(Items from a dataset)
********
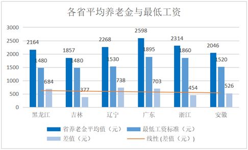 以2016年国家统计局数据为准,拿东三省各省平均养老金与最低工资作比较,结果为黑龙江省平均养老金高出最低工资684元,吉林省平均养老金高出最低工资377元,辽宁省平均养老金高出最低工资738元。
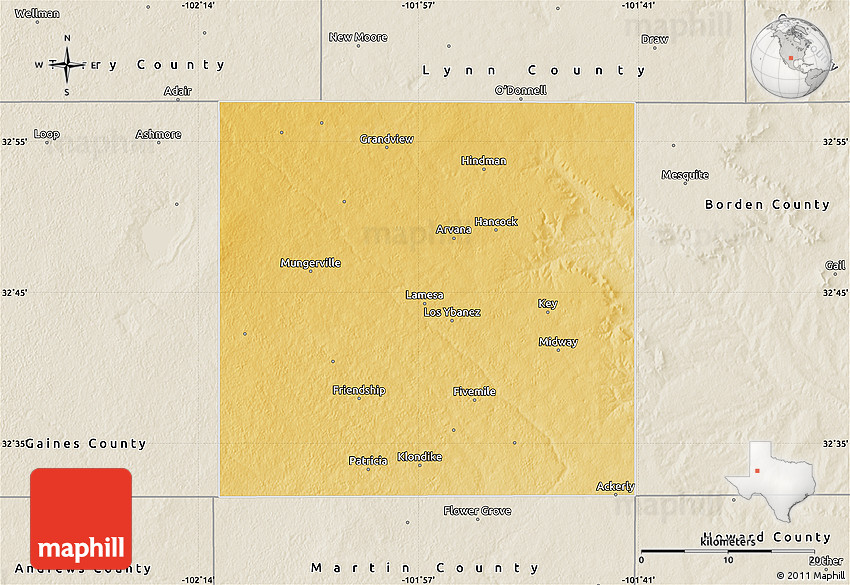 The flat physical map represents one of several map types and styles available. Look at Dawson County, Texas, United States from different perspectives.
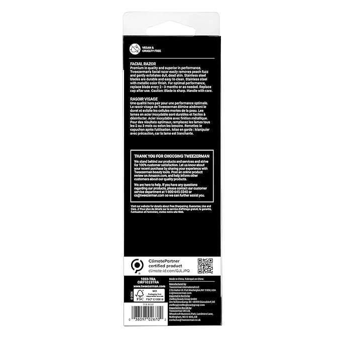 • Premium in quality and superior in performance, now available in Tea Rose. Tweezerman's Facial Razor provides easy removal of peach fuzz while gently exfoliating skin. Designed to be reusable with refillable blades & high-quality stainless steel.
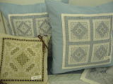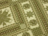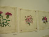 一番右の画像の作品は本で見つけた絵を元に生地の目数をカウントしながら図案を起こした苦労ものの作品です。
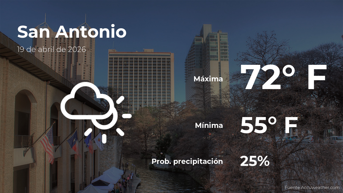 Si vives en San Antonio o te encuentras de visita esta ciudad del sur de Texas, es importante saber cómo va a estar el clima este domingo 19 de abril. Desde veranos cálidos hasta inundaciones ocasionales, es necesario saber qué esperar y cómo prepararse para hoy en la ciudad.
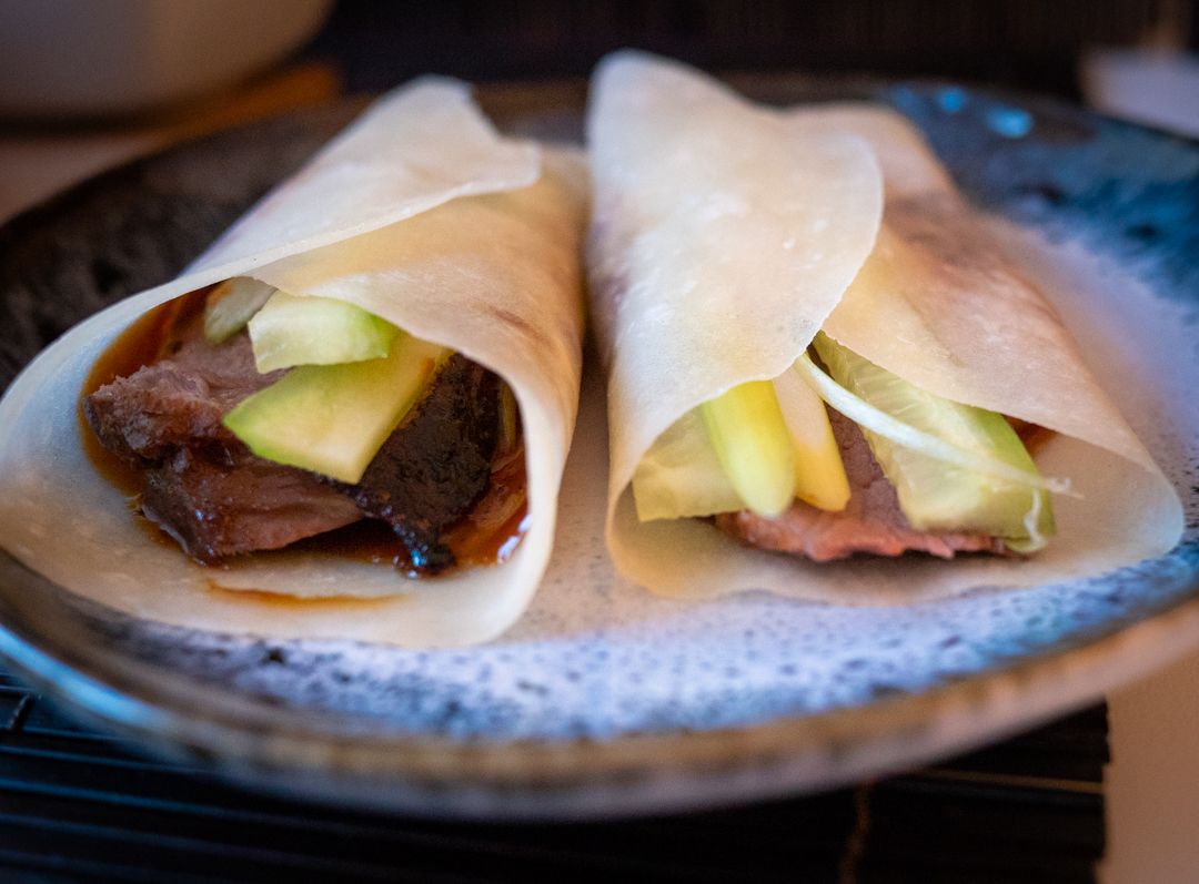 The Peking duck wrap is ready to eat! Enjoy!
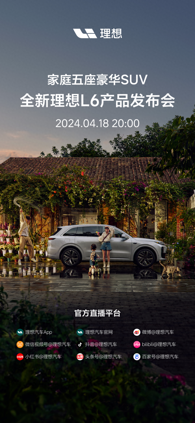 从官方获悉,理想L6将于4月18日正式发布并上市。新车定位五座中大型SUV,售价聚焦25-30万元区间。
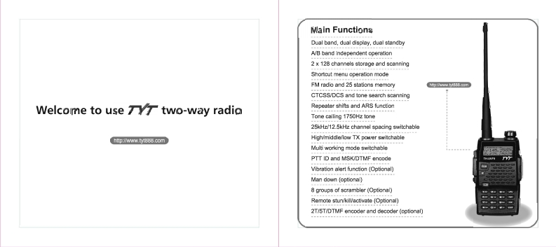 TO CUSTOMERSThank you very much for using our two way radioThis radio of modem design is reasonable structurewith stable functions.It is designed to meet differentoustomers'need for high quality with easy operationand perfect capablity.We believe you are pleased withits nice shape and excellent performance.This manual is sutable for using the model of TH-UVF9.
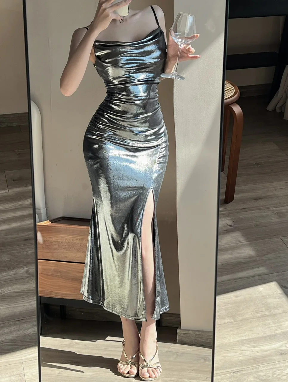 Bxoxo Summer Vintage Bodycon Dress for Women Fashion Sexy Sleeveless Spaghetti Strap Slim Party Club Vestidos Female Elegant Clothes
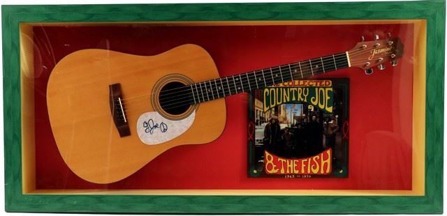 "The Collected Country Joe and the Fish" wood framed and autographed "Jasmine by Takamine" acoustic guitar. Framed in a green wooden case with a plexiglass shadow box display. Includes certification. Measures approximately 24" x 49".
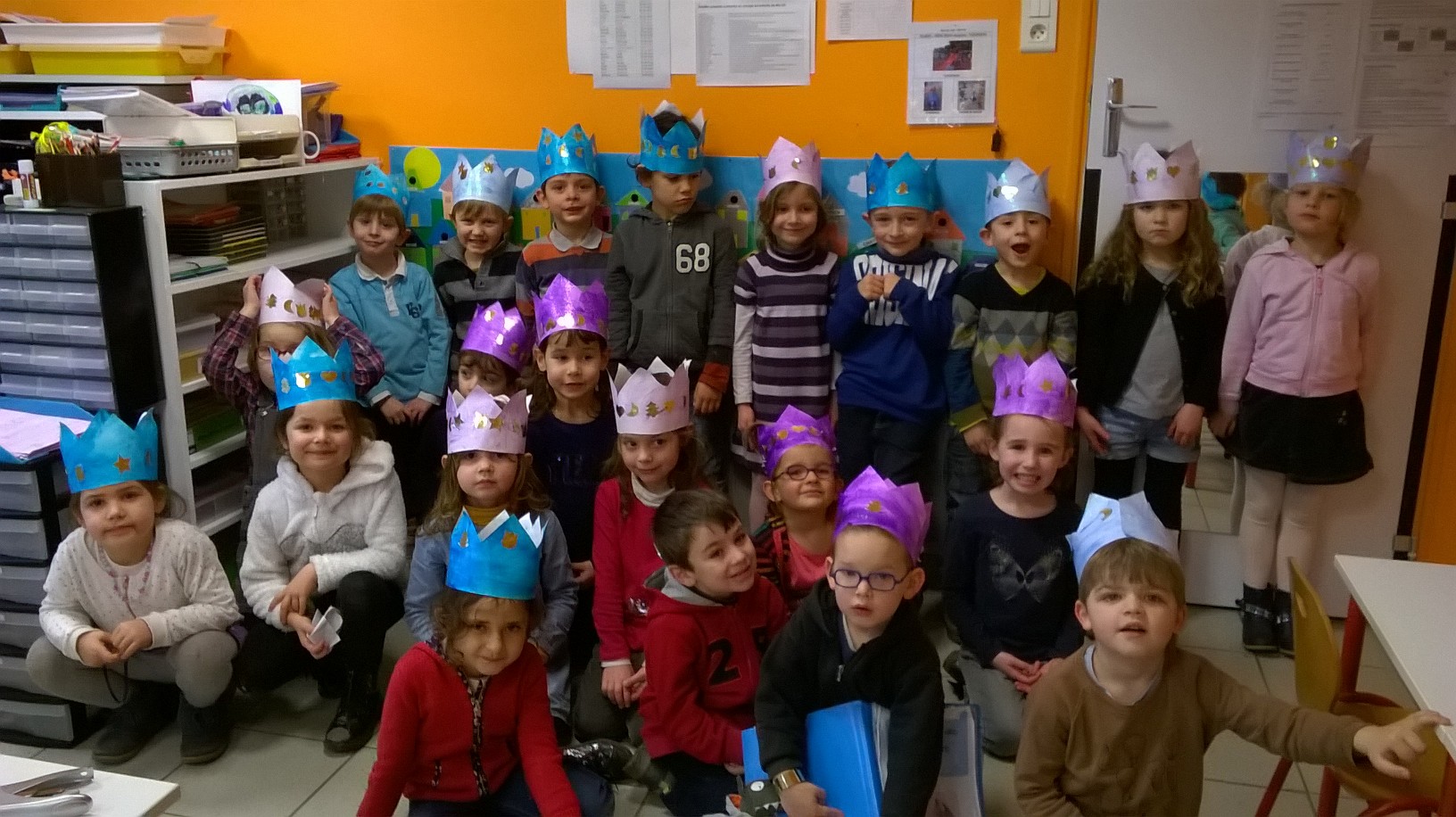 Les MS et GS après avoir dégusté la galette, dès le 8 janvier, ont réalisé des couronnes et ont posé pour la photo souvenir!
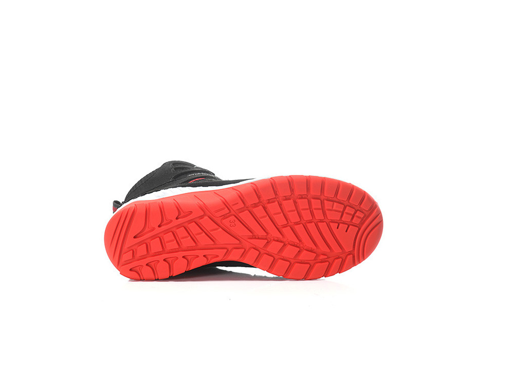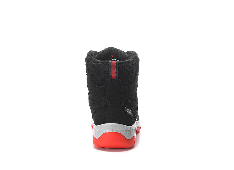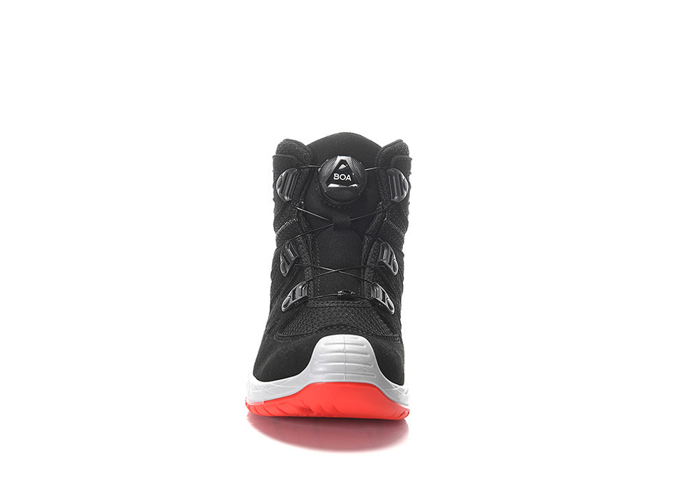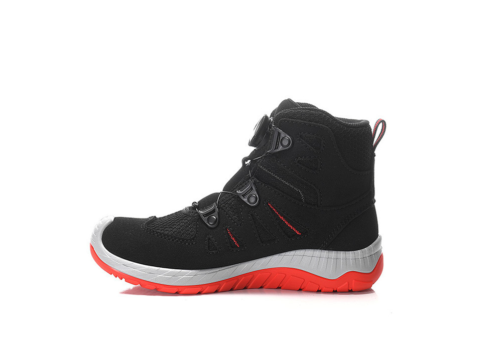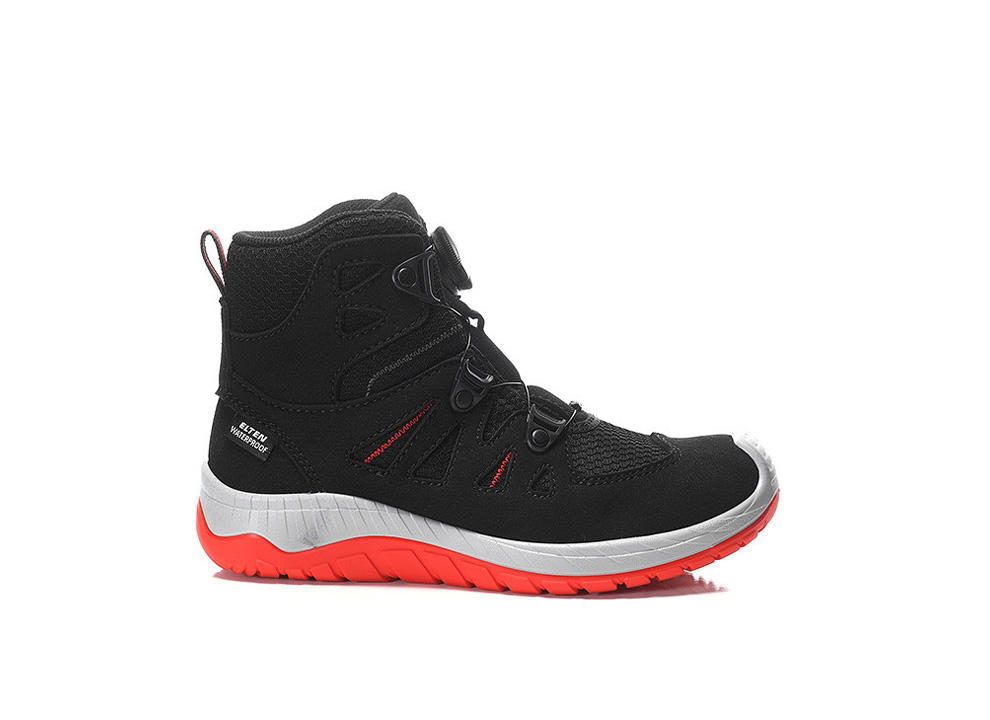 Here it is, the tough companion for all children who love to do their own thing outdoors: our MADDOX Kids BOA® black-red Mid. A comfortable, breathable boot made of a hydrophobic microfiber/textile upper with a simple twist closure for life's big and small adventures. We've made sure the tongue of this boot is closed to prevent dirt or small stones from getting inside. With the modern twist closure, the BOA® Fit System, the boots sit firmly on the foot and are incredibly easy to open and close. You can slip them on in no time and get going right away. A wild obstacle course on the playground can sometimes be tricky, but this boot always holds up, thanks to the ELTEN KIDS TPU sole that offers tremendous slip resistance. So you can even push yourself a little harder when running down the embankment. The boot is comfortable to wear, and the absolute highlight is the waterproof membrane. These boots allow you to walk through the rain or jump into large puddles without worrying. Your feet will stay dry. You can order the boots with PU toe protection in sizes 30 to 36.
********
→ **What you have to do**
Reproduce all the entries that precede this task, word for word, minus any pictures.

→ **Task result**
 以2016年国家统计局数据为准,拿东三省各省平均养老金与最低工资作比较,结果为黑龙江省平均养老金高出最低工资684元,吉林省平均养老金高出最低工资377元,辽宁省平均养老金高出最低工资738元。
 The flat physical map represents one of several map types and styles available. Look at Dawson County, Texas, United States from different perspectives.
 • Premium in quality and superior in performance, now available in Tea Rose. Tweezerman's Facial Razor provides easy removal of peach fuzz while gently exfoliating skin. Designed to be reusable with refillable blades & high-quality stainless steel.
 一番右の画像の作品は本で見つけた絵を元に生地の目数をカウントしながら図案を起こした苦労ものの作品です。
 Si vives en San Antonio o te encuentras de visita esta ciudad del sur de Texas, es importante saber cómo va a estar el clima este domingo 19 de abril. Desde veranos cálidos hasta inundaciones ocasionales, es necesario saber qué esperar y cómo prepararse para hoy en la ciudad.
 The Peking duck wrap is ready to eat! Enjoy!
 从官方获悉,理想L6将于4月18日正式发布并上市。新车定位五座中大型SUV,售价聚焦25-30万元区间。
 TO CUSTOMERSThank you very much for using our two way radioThis radio of modem design is reasonable structurewith stable functions.It is designed to meet differentoustomers'need for high quality with easy operationand perfect capablity.We believe you are pleased withits nice shape and excellent performance.This manual is sutable for using the model of TH-UVF9.
 Bxoxo Summer Vintage Bodycon Dress for Women Fashion Sexy Sleeveless Spaghetti Strap Slim Party Club Vestidos Female Elegant Clothes
 "The Collected Country Joe and the Fish" wood framed and autographed "Jasmine by Takamine" acoustic guitar. Framed in a green wooden case with a plexiglass shadow box display. Includes certification. Measures approximately 24" x 49".
 Les MS et GS après avoir dégusté la galette, dès le 8 janvier, ont réalisé des couronnes et ont posé pour la photo souvenir!
 Here it is, the tough companion for all children who love to do their own thing outdoors: our MADDOX Kids BOA® black-red Mid. A comfortable, breathable boot made of a hydrophobic microfiber/textile upper with a simple twist closure for life's big and small adventures. We've made sure the tongue of this boot is closed to prevent dirt or small stones from getting inside. With the modern twist closure, the BOA® Fit System, the boots sit firmly on the foot and are incredibly easy to open and close. You can slip them on in no time and get going right away. A wild obstacle course on the playground can sometimes be tricky, but this boot always holds up, thanks to the ELTEN KIDS TPU sole that offers tremendous slip resistance. So you can even push yourself a little harder when running down the embankment. The boot is comfortable to wear, and the absolute highlight is the waterproof membrane. These boots allow you to walk through the rain or jump into large puddles without worrying. Your feet will stay dry. You can order the boots with PU toe protection in sizes 30 to 36.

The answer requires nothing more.